- Education: Brooklyn College Brooklyn Law School (JD; 1977) New York University School of Law (LLM in tax)
- Employer: Deloitte Touche Tohmatsu Limited
- Title: Global Chief Executive Officer

= Barry Salzberg =

American businessman (born 1953)

Barry Salzberg (born October 1953) is an American businessman, accountant, and lawyer. Salzberg is full-time Professor at Columbia University and former global Chief Executive Officer of Deloitte Touche Tohmatsu Limited, a position he held from June 2011 until May 2015.

==Biography==
Salzberg is Jewish, and grew up in a poor neighborhood in Brooklyn, the youngest of five siblings. His parents were clerks, and he and his older sister were the first in his family to attend university. His father died while Salzberg was in high school, so he worked to help his family financially, and continued to live at home and work while he attended college. He is the father of Matt Salzberg co-founder of Blue Apron.

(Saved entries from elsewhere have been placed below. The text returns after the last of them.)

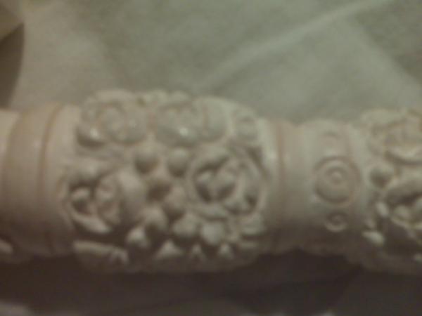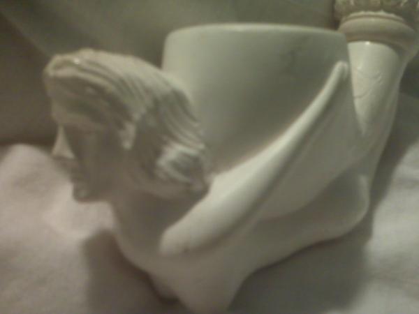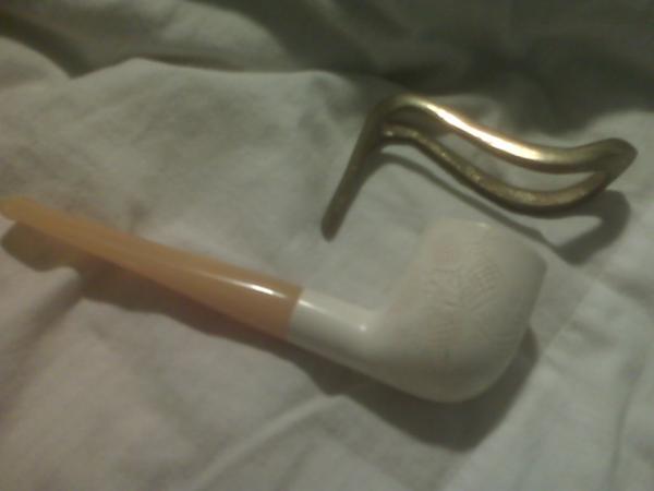 The long pipe is White Ivory with carvings of flowers in 6 different places that go all the way around. The bowl of the pipe has a carving of a whole naked lady facing out. There is a spot in the middle of the stem where the previous owners broke it and gued it back together. The mouthpiece is a type of yellow plastic
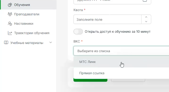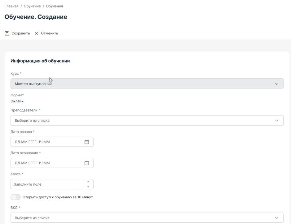 После публикации курса появляется возможность указать дату проведения онлайн-обучения. Нажмите внизу страницы "Создать обучение"
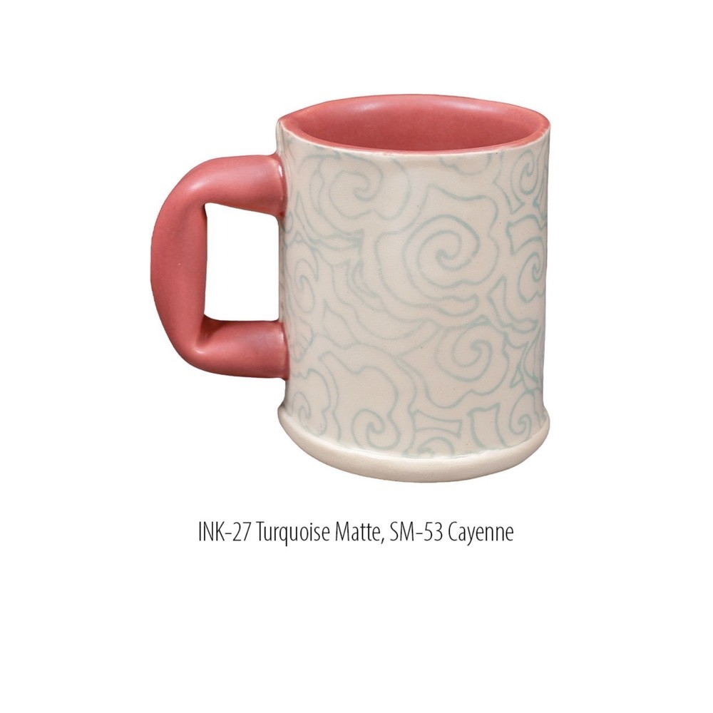 Like an underglaze, this Turquoise Matte Ink fires to a matte finish that requires a clear glaze to be considered food-safe.
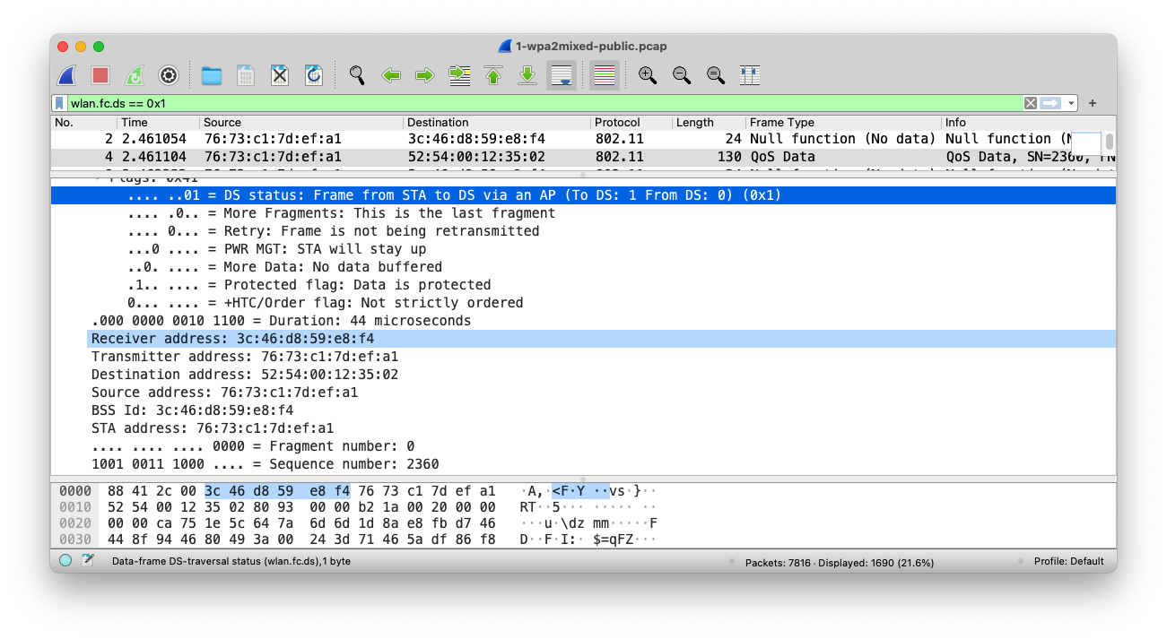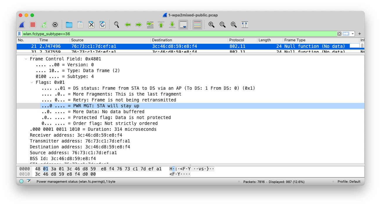 (wlan.addr == 3c:46:d8:59:e8:f4) || (wlan.addr == 76:73:c1:7d:ef:a1) && (wlan.fc.type_subtype <= 0x1b || eapol) && !(wlan.addr == ce:1e:34:cd:76:a9) && !(wlan.addr == ba:2a:cd:46:18:22) && !(wlan.da == 48:64:12:67:f9:c2) && !(wlan.fc.type_subtype == 0x001b) && !(wlan.fc.type_subtype == 0x000a) && !(wlan.fc.type_subtype == 0x000c) && !(wlan.addr == 9c:c8:f3:82:89:e0)
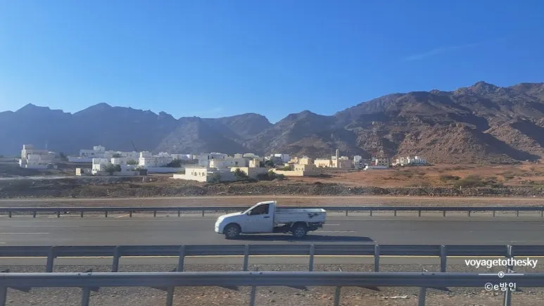 무단횡단하면 지름길이 나오지만, 무서워서 포기하고 시내버스를 타고 azaiba bus station 으로 갔다.
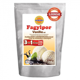 Csökkentett szénhidráttartalmú fagylaltpor édesítőszerrel diétás étkezés megvalósításához. Egy csomag fagylaltpor tartalma kb. 24 gombóc fagylalt elkészítésére alkalmas. Használata fagylalthoz: 2 dl hideg tejet egy edénybe öntünk, hozzáadunk 70 g fagylaltport, és kézi mixerrel először alacsony, majd magasabb fordulaton felverjük, kb. 3 perc alatt a krém állag eléréséig. A fagylaltmasszát poharakba öntjük, és mélyhűtőben a kívánt keménységűre fagyasztjuk. Fagylaltgépben is elkészíthető.
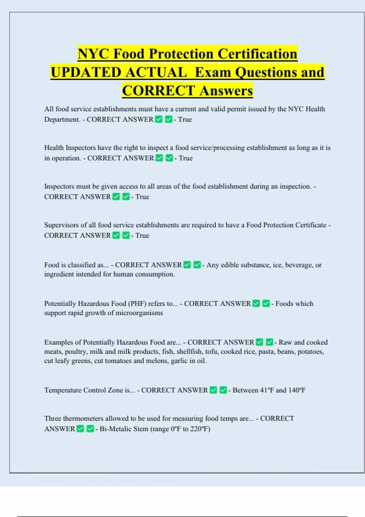 Examples of Potentially Hazardous Food are... - CORRECT ANSWER - Raw and cooked
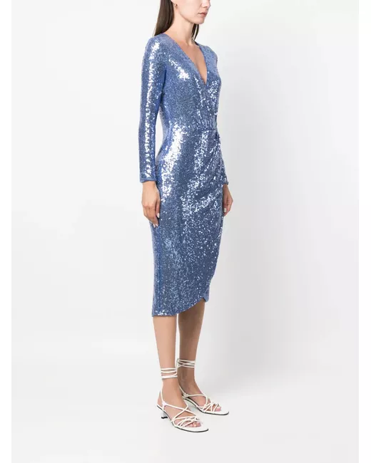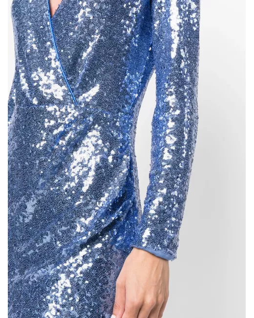 iris blue sequin embellishment wrap design V-neck long sleeves fitted waistline below-knee length curved hem
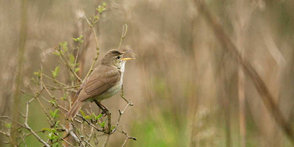 Det er påfaldende, som denne og andre arter (acro'er, hippolaiser og værlinger især) altid i felten (se feltfotos) har rejste pandefjer, og ALTID håndholdt lægger fjerene ned - og dermed ser lidt kinky ud på håndbilleder.
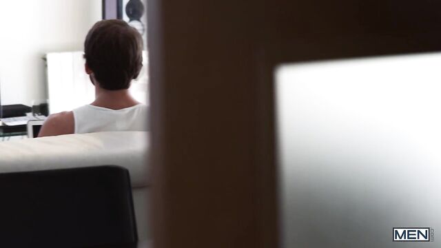 Max Adonis and his hubby are getting romantic when Max hears a noise and insists on investigating. They find Ricky Blue dripping wet. The next day, their mysterious houseguest overhears Max on the phone telling someone he'd like to take Ricky's cock, and Ricky uses his muscular body to distract Max from his work and keep him away from his phone... so he can't hear about the escaped madman on the loose. Ricky definitely goes wild as he fucks Max's mouth and eats his ass, then bends the bottom over the kitchen island to breed his hole. Can anyone who makes Max cum this hard really be bad?
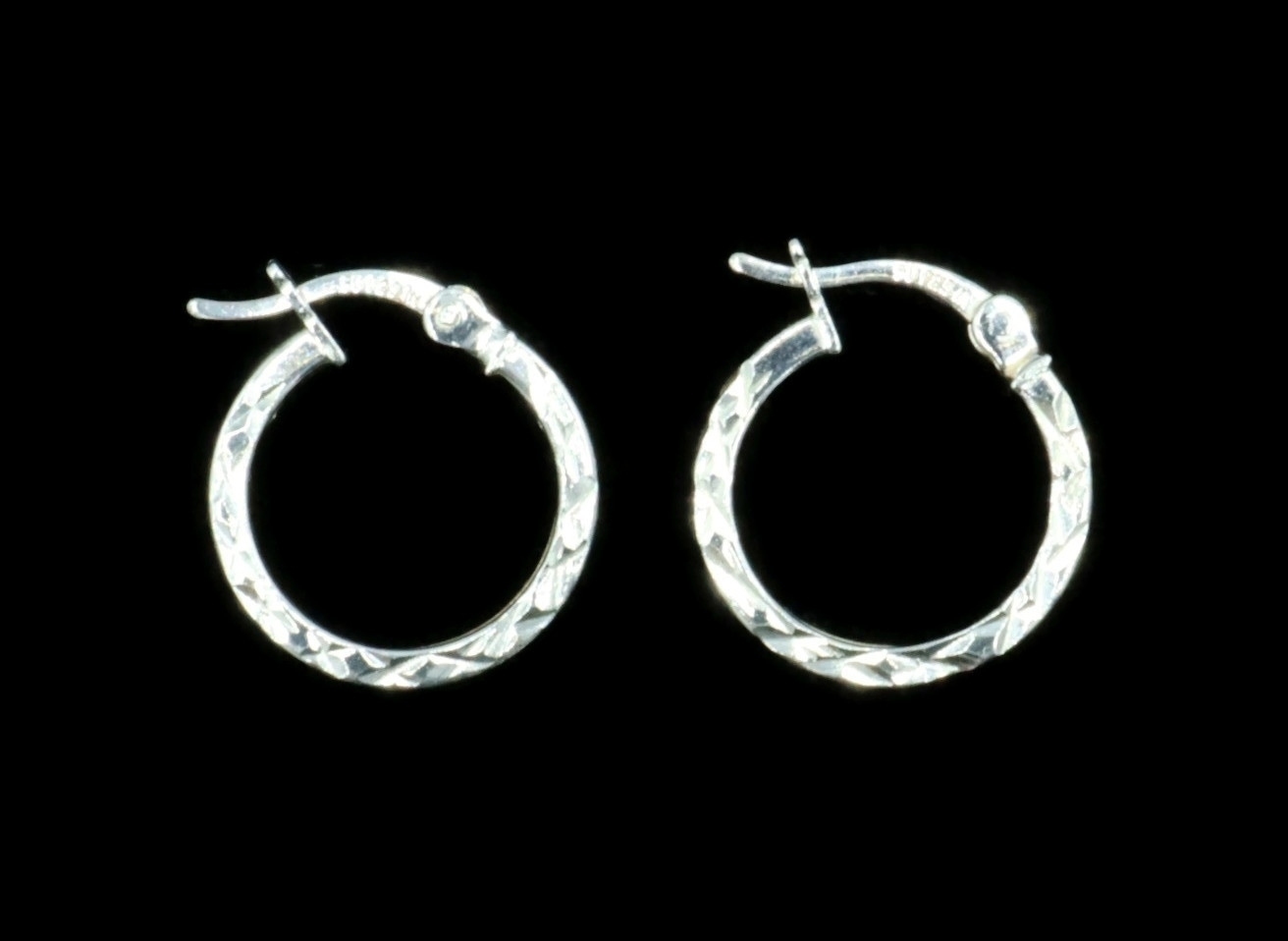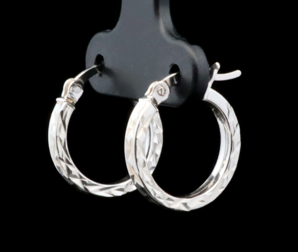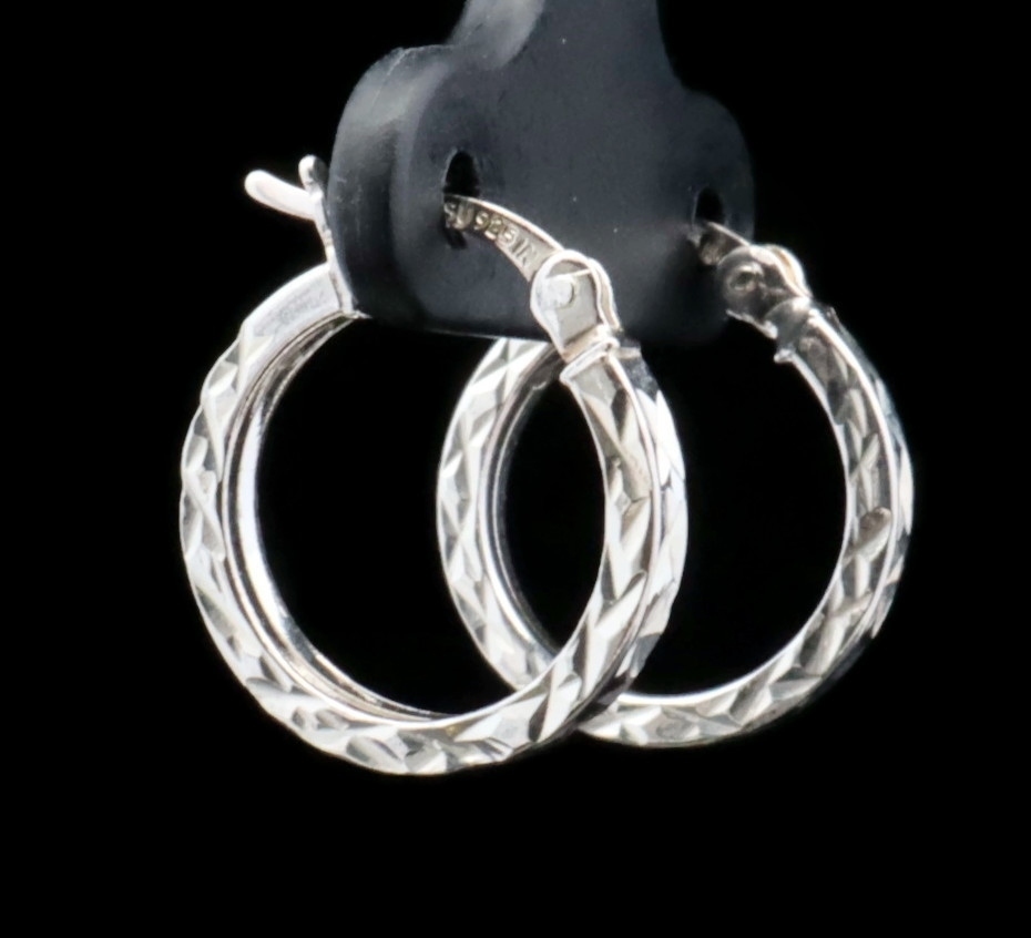 Classic 925 Sterling Silver 16mm Diamond Cut Women's Round Hoop Earrings - 1.4g | USA Pawn

Salzberg earned an undergraduate B.S. degree in accounting from Brooklyn College in 1974, a JD from Brooklyn Law School (1977), and an LLM in tax from the New York University School of Law.

Salzberg joined Deloitte in 1977, and became a partner of Deloitte U.S. in 1985. He was the Chief Executive Officer of Deloitte LLP (United States) from 2007 to 2011.